Hello i am new to hedgehog central and ive been researching all that i can on creating a home for my little guy, actually spent about 2 hours looking and saving different ideas to make his home next week before i get him. The only thing im hesitant on is what to buy to pick him up in and for traveling in general. Its a 30 minute trip but i was gonna take him to the pet store and splurge on more toys and stuff to keep him happy (not to mention i ordered stuff online lol) i refuse to use a shoe box and i was thinking of using a small dog/cat carrier but im really not sure and i dont mind dishing out whatever to safely pick him up. This site is awesome btw ive spent the last few days on the forum learing alot that other sites didnt teach me over time. Any and all safe suggestions would be greatly appreciated.


----------



## Lilysmommy (Jan 7, 2009)

Definitely get a cat or dog carrier, one that's hard-sided. It's safest and you'll use it for him multiple times for vet visits, traveling, etc. Small animal carriers are usually too small & too flimsy, so I'd definitely suggest a good quality dog/cat one. The extra room is nice since you can stuff in a couple fleece blankets for burrowing into & to keep him warm during winter trips (though for that kind of thing, it's also a good idea to stick in some covered handwarmers).


----------



## MomLady (Aug 14, 2010)

Plus it makes a good alternate cage if you have a power failure--less space to heat.
If you ever have to take shelter in your basement for a tornado warning or some kind of evacuation, then the carrier is perfect for that. You can keep it stocked with blankets, hand warmers, water and emergency food so you can move fast in case of emergency.


----------



## mayweathers82 (Nov 9, 2014)

Now when you guys say hand warmers you mean the ones you shake until they get hot? How exactlt would i put them inthere so he doesnt get to them?


----------



## MomLady (Aug 14, 2010)

Put it under the fleece or blanket. Or wrap them up a cloth. I put them UNDER her igloo when we travel.
Yep, we are talking the handwarmers like for hunting or football games!


----------



## Dgameman1 (Oct 18, 2014)

I know I'm gonna get hated for this but I picked up my hedgehog 4 hours away and he was in a box on the ride home filled with care fresh bedding


----------



## Lilysmommy (Jan 7, 2009)

I sewed little fleece pouches for my handwarmers, with a square of velcro to close the pocket. They worked perfectly! But just wrapping it in a cloth works just as well too.

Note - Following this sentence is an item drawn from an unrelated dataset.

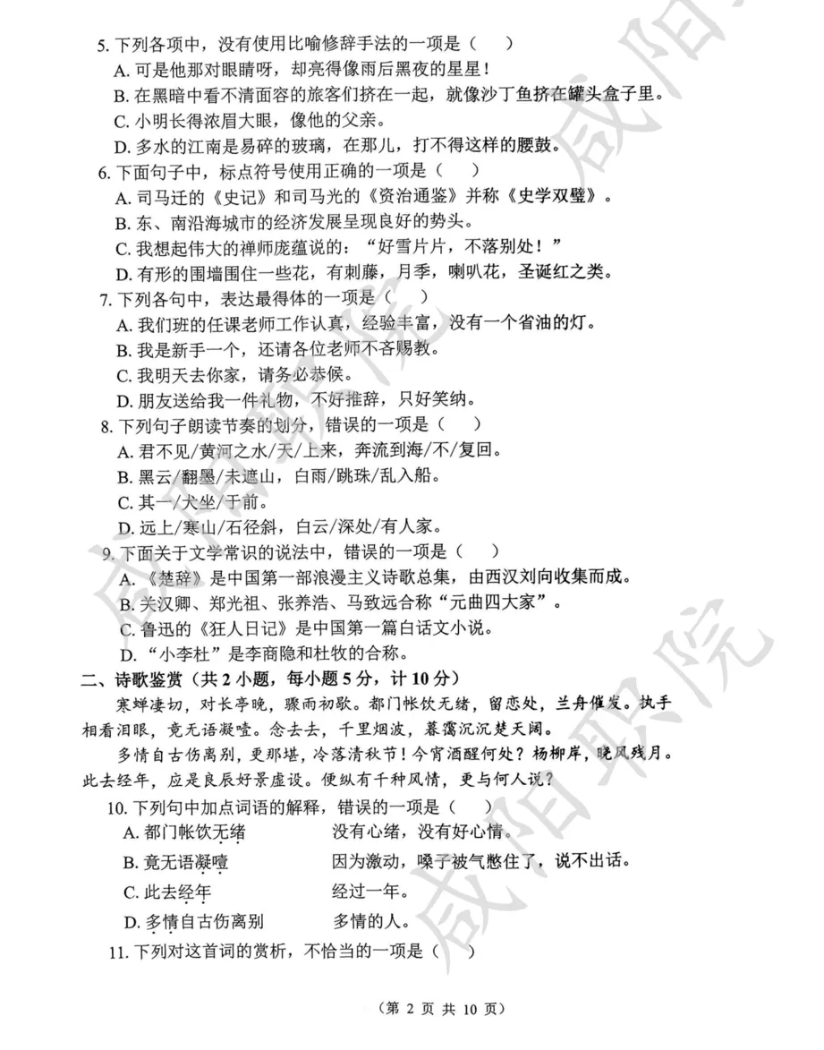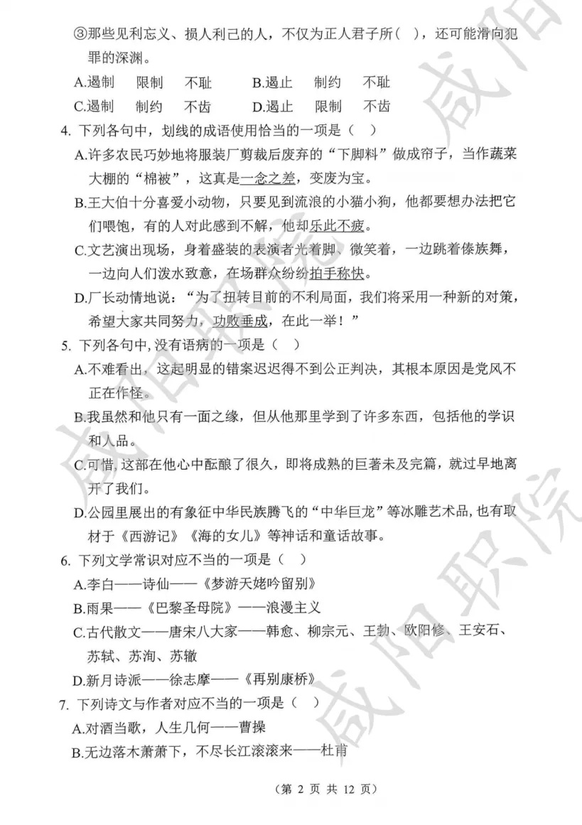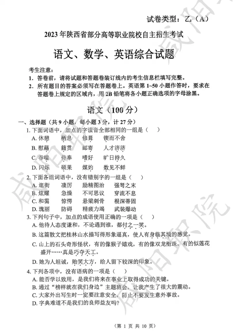 2023年单招试题及参考答案

Honestly? Lily sat in her sleeping bag in my lap for our drive home. We were lucky - nothing happened. But it's not something I'd EVER recommend now that I know better. I don't see the point in risking an animal's life if you DO happen to get into a car accident. No matter how carefully you're driving (or your relative/friend/whoever is driving), accidents still happen. It's best to prepare for the worst and make sure your pet (any pet) is in a safe carrier for car rides.


----------



## MomLady (Aug 14, 2010)

Really it's not even an accident that could mean problems. Think of how dangerous it would be if you got cut off in traffic and had to stop fast. Hedgie would probably fall on the floor or hit the dashboard or something in the car. Just don't risk hurting your new little one!


----------



## Prickerz (Sep 17, 2014)

One other quick note- you really should take your hedgehog straight home. I work at a pet store and know how hectic it can get. For a hedgehog that doesn't know you, or any of his surroundings, it can be insanely stressful! People do this with puppies alot- it's completely different. 
Not to mention that many people will be fascinated and want to hold/play with it. Just get everything you need before the big day.


----------